Ms Pelletier has provided “food for thought” at national and international forums and has co-authored a number of informational and educational resources incorporating Indigenous content and perspective.
She continues to work with the federal government and is presently on secondment to the Education Branch, Indigenous and Northern Affairs Canada (INAC).
Marie-Louise Perron – Indigenous Peoples & Heritage Conservation –Gathering Strength from the “Circle”, Perspectives from Two Members of the former Circle of Aboriginal Heritage and Knowledge at Library and Archives Canada
She holds an Education and Fine Arts degrees from the University of Saskatchewan, and a Master’s degree in ethnology from Laval University, in Québec.
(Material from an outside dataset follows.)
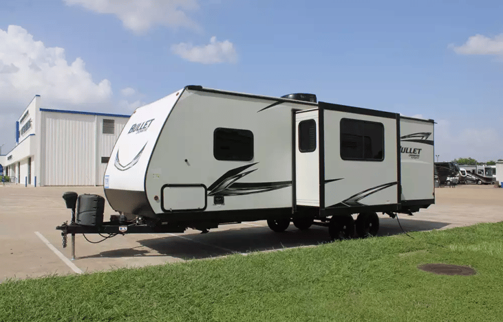 This Bullet Crossfire comfortably sleeps up to 8 and features a large slide-out that makes the interior feel surprisingly spacious.

She has been, respectively, high school teacher in French as a second language and visual arts, Francophone Archivist for the province of Saskatchewan, and public services staff member at Library and Archives Canada (LAC) in Ottawa. Starting in 1992 at this institution, she led a number of distant access and genealogy initiatives, and was active in implementing Aboriginal and multicultural heritage initiatives. She has also presented and published, in both English and French for national and international audiences, numerous papers on subjects including French/Métis folksongs and folktales, the use of archival documents in the classroom, distant access to archival services, the development of LAC’s Canadian Genealogy Centre, and the Perron-Laderoute-Marion-
St. Arnaud families.
From 2007 to 2011, Ms Perron was Chief of Staff to the Commissioner of Official Languages in Ottawa.
Now retired, Ms Perron pursues historical and genealogical research projects, as well as her passion for the visual arts in photography, digital image expressions, mixed media on canvas, and watercolours.
Rebekah Ingram – Indo-European Corruptions of Iroquoian Place Names
Rebekah R. Ingram is a PhD student in the School of Linguistics and Language Studies at Carleton University. Her past work includes contributions to the Smithsonian Museum of the American Indian, the American Association of Geographers, and Babel language magazine. Rebekah is pleased to share knowledge with members of the Haudenosaunee (Six Nations Confederacy) within her current research, which focusses on indigenous languages in the historical context, representations of indigenous place names in cartographic discourse (maps), the morphology and syntax of indigenous place names and mapping of linguistic phenomena. Because of the interdisciplinary nature of her studies, she also works closely with the Department of Geography and Environmental studies and programming using the Nunaliit mapping framework, developed by Carleton’s Geomatics and Cartographic Research Centre, to create the Atlas of Historical Indigenous Place Names, currently under development.
Lindy Van Vliet – Burning the Whitehouse, Sir Isaac Brock, and PolandBall: An Analysis of Social Media as a Space for Government Narrative Critique
I completed my BA in History and Political Science at University of Waterloo in 2015 and a, currently pursuing a MA in Canadian Studies at Carleton University. I am most interested in how Canadians react, respond, and re-produce the national narratives put forward by government agencies on online sites and through internet memes. My interest in critiquing nation-building narratives emerged when I worked for Parks Canada as a heritage interpreter.